The ANC NEC highlighted the driving of local economic development and infrastructure as their fifth task, from which the party says they will also target labour activation initiatives and public employment.

“This requires a massive scale-up of the Presidential Employment Stimulus and other public employment programmes. Importantly, it will include reskilling for industrial sectors and expanding artisan and apprenticeship pipelines.”

The president said the NEC agreed on expanding support to small, medium and micro enterprises through investment by development finance institutions.

“In particular, concessional finance and market access for SMMEs should be expanded. Development finance institutions will be transformed into catalytic investors.”

The eighth intervention sought by the NEC is to enable the growth of provincial economies outside the main economic centres.

Ramaphosa explained that this would include the revitalisation of industrial parks with localisation targets, aligning these with special economic zones and corridor planning. The focus will be on labour-absorptive sectors, such as agro-processing, light manufacturing, cannabis and textiles.

Lastly, the NEC resolved to focus on effective budgeting and macroeconomic co-ordination.
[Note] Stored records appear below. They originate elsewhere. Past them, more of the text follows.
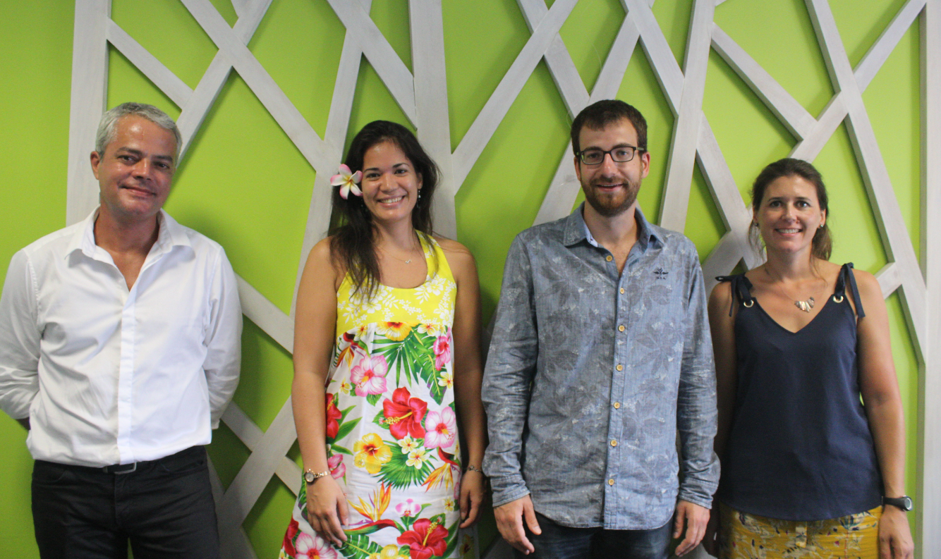 De gauche à droite, Mathias Mercier, représentant de l'Ademe en Polynésie française, Orama Richaud de la CCISM, Simon Dely, de l'entreprise ECO2 Initiatives et Sandrine Ouiazem, chargée de mission Energie à l'Ademe.
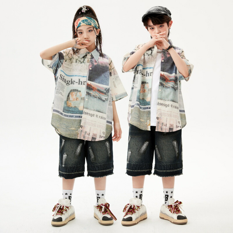 キッズ ダンス衣装 シャツ デニムパンツ ダメージ加工 ゆったり 総柄 かっこいい セットアップ 男の子 女の子 韓国 HIPHOP K-POP ズボン レトロ ストリートダンス 演出服 発 柄シャツ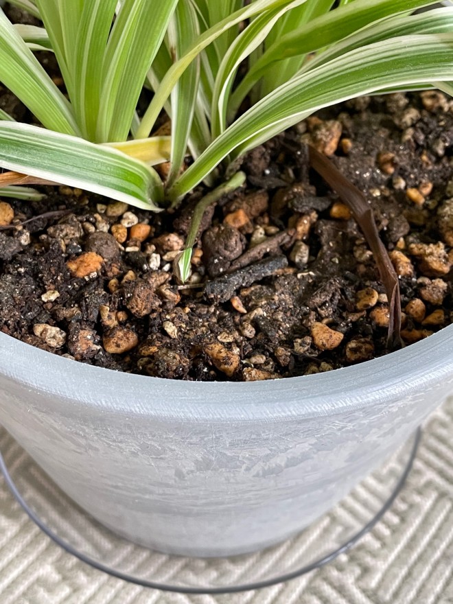 かなり大きく育ってきたオリズルランなんですが・・・ずっと芽が出ないなと思っていたら、多分、これって芽ですよね✨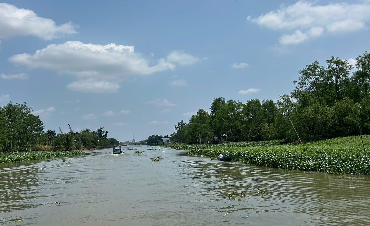 Sáng sớm ở bến Ninh Kiều, con tàu đưa đoàn ra sông Hậu mênh mông hùng vĩ, ngắm cảnh quan thành phố trên bờ có nhiều khách sạn nổi bật như Victoria, Mường Thanh; có Bến phà Cần Thơ – nơi gắn liền ký ức giao thông đường thủy vùng ĐBSCL một thời. Đi ngang Cồn Khương ngắm làng biệt thự ven sông và khu du lịch Vạn Phát, mà vài chục năm trước còn khá hoang sơ.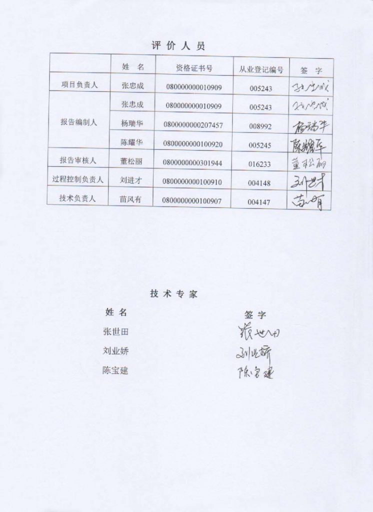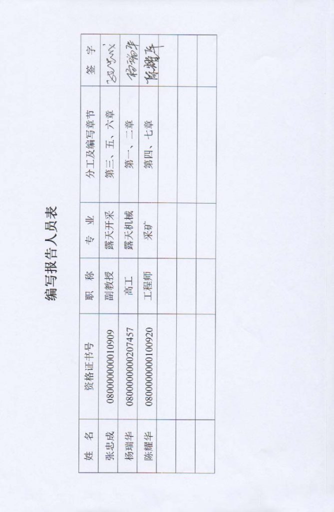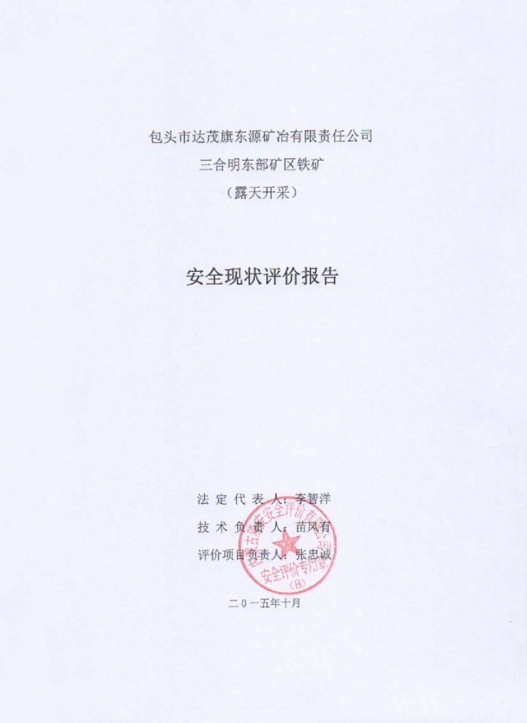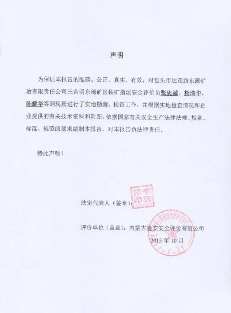 包頭市達茂旗東源礦冶有限責任公司三合明東部礦區(qū)鐵礦安全現(xiàn)狀評價報告–簽字表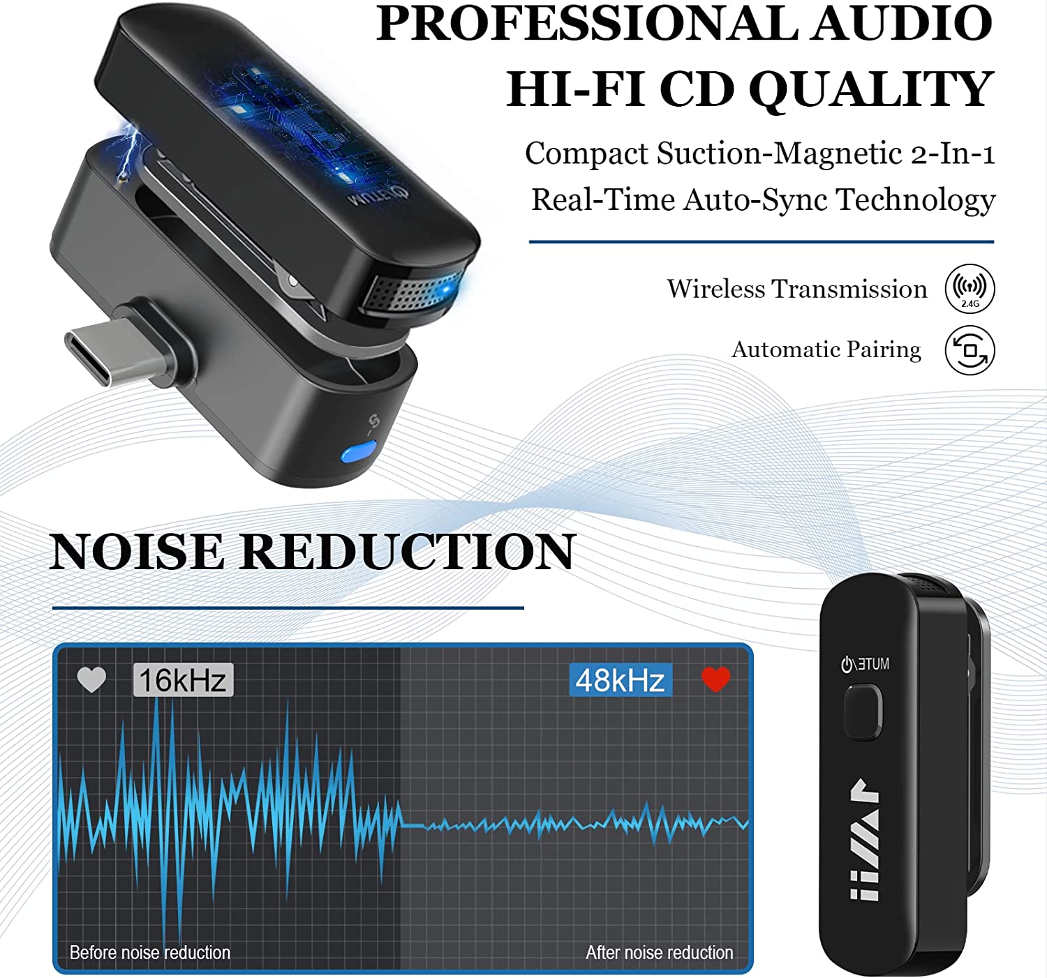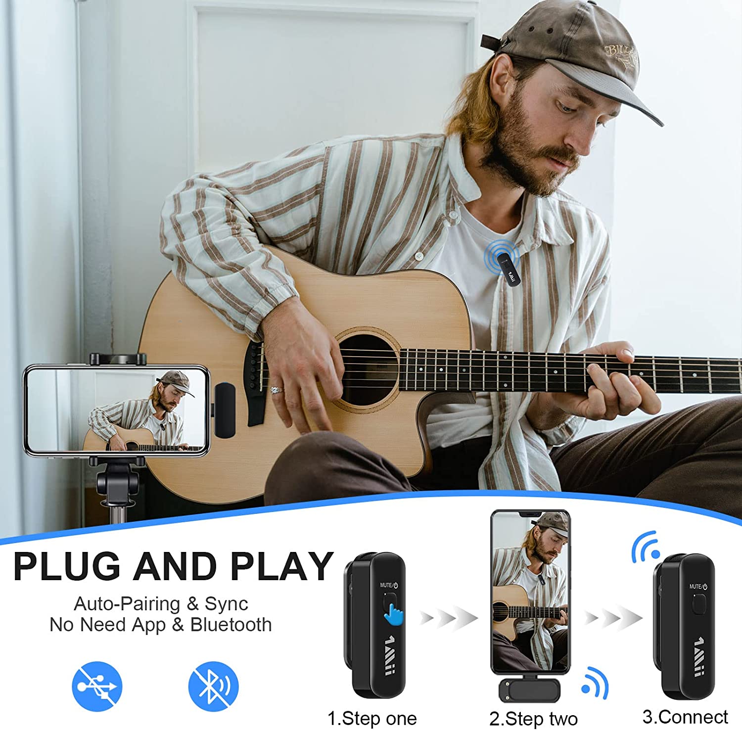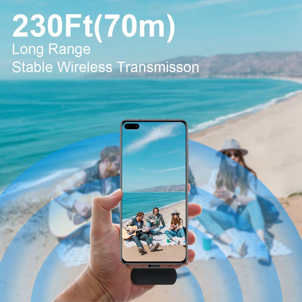 1mii Wireless Lavalier Microphone, 230FT Clip on Lapel Mic for Android Phone, iPhone, Laptop, Zero Latency, Long Range for Video Recording, Tiktok, Facebook, YouTube Live Stream, Interview
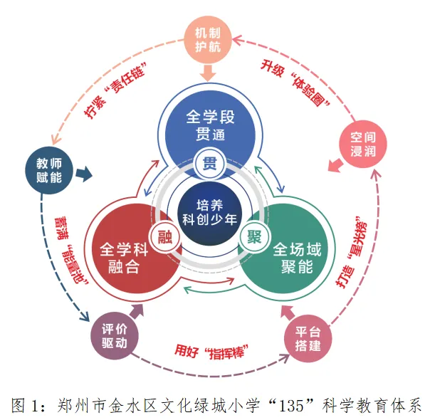 河南省郑州市金水区文化绿城小学以培养目标为出发点,以联动路径为突破点,以资源保障为支撑点,逐步构建“135”科学教育体系。通过“全学段贯通、全学科融合、全场域聚能”三维路径联动,破解传统科学教育碎片化、程式化、孤立化难题。同时依托“机制护航、教师赋能、评价驱动、平台搭建、空间浸润”五维支撑保障,共同铺设科学教育高质量发展路线图,学校科技特色品牌逐步彰显,近年来,荣获省级以上综合性荣誉7项,师生荣获各级科技赛事奖励100余项。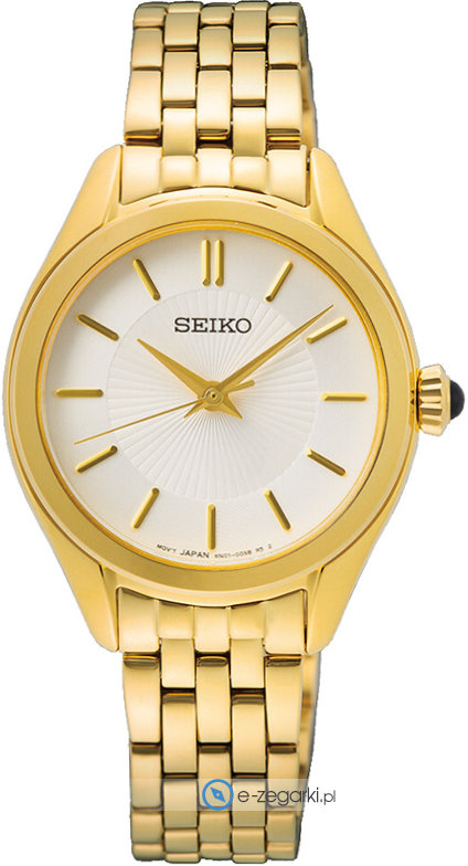 Zegarek damski SUR538P1 marki Seiko to idealna pozycja dla ludzi ceniących sobie dbałość o detale oraz bezproblemowe zachowanie mechanizmów. Atrakcyjny wygląd zegarka osiągnięto także dzięki tarczy w kolorze srebrnym. Aktualna godzina prezentowana jest w sposób analogowy co bez trudu pozwala ją odczytać. Koperta w barwach koloru złotego szeroka jest na 29 mm oraz ma grubość 7 mm - cechuje się okrągłym kształtem.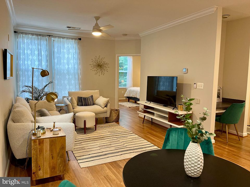 Bright 1 bed/1 bath in the Savoy at Reston Town Center, overlooking the quiet courtyard. Step right out to shops, restaurants, and movies. The unit's open living space features tall ceilings, big windows, and hardwood flooring throughout. Spacious kitchen with ample counter and cabinet space, a pantry, and a built-in desk. Sizable primary bedroom has walk-in closet and full bath. Washer and Dryer in unit. One garage parking spot right near the elevator. Additional parking spaces can be leased. Walking distance to the Reston Town Center Metro. Water Heater 2022. HVAC 2021. Enjoy all of the amenities the Savoy has to offer, with the lowest condo fees in the Town Center. This building has a game room, pool, fitness room, meeting spaces, computer center, secure entry with concierge, and a private outdoor area with gazebo. Seller is open to selling furnished, for a perfect pied-à-terre.
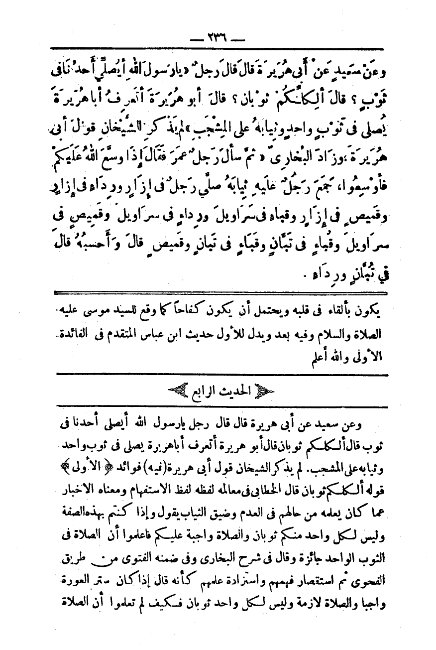 وَعَنْ سَعِيدٍ عَنْ أَبِي هُرَيْرَةَ قَالَ «قَالَ رَجُلٌ يَا رَسُولَ اللَّهِ أَيُصَلِّي أَحَدُنَا فِي ثَوْبٍ؟ قَالَ أَلِكُلِّكُمْ ثَوْبَانِ؟» قَالَ أَبُو هُرَيْرَةَ أَتَعْرِفُ أَبَا هُرَيْرَةَ يُصَلِّي فِي ثَوْبٍ وَاحِدٍ وَثِيَابُهُ عَلَى الْمِشْجَبِ لَمْ يَذْكُرْ الشَّيْخَانِ قَوْلَ أَبِي هُرَيْرَةَ وَزَادَ الْبُخَارِيُّ " ثُمَّ سَأَلَ رَجُلٌ عُمَرَ فَقَالَ إذَا وَسَّعَ اللَّهُ عَلَيْكُمْ فَأَوْسِعُوا، جَمَعَ رَجُلٌ عَلَيْهِ ثِيَابَهُ صَلَّى رَجُلٌ فِي إزَارٍ وَرِدَاءٍ فِي إزَارٍ وَقَمِيصٍ فِي إزَارٍ وَقَبَاءٍ فِي سَرَاوِيلَ وَرِدَاءٍ فِي سَرَاوِيلَ وَقَمِيصٍ فِي سَرَاوِيلَ وَقَبَاءٍ فِي تُبَّانٍ وَقَبَاءٍ فِي تُبَّانٍ وَقَمِيصٍ قَالَ وَأَحْسِبُهُ قَالَ فِي تُبَّانٍ وَرِدَاءٍ..

“We will develop a sustainable budget negotiation strategy in the context of the government of national unity [GNU]. We will align fiscal, monetary, trade and industrial policy, and mobilise development finance institutions and pension funds for productive investment. In the course of this, we will craft innovative financing mechanisms and processes that will enable us to fund the key catalytic infrastructure projects.”

This element comes in as a crucial intervention coming from a disastrous budgeting process, which almost saw the collapse of the governing coalition earlier this year. The contentious budget priority differences and political party ideological leanings saw the finance minister presenting budgets that partners were not happy with, which were eventually passed on the third attempt.

However, the president and his cohort believe that these 10 interventions align with and support the work under way in all spheres of government.

The ANC will have the task of convincing its coalition partners in the GNU to back their vision and adopt these interventions as part of the government policy and programme.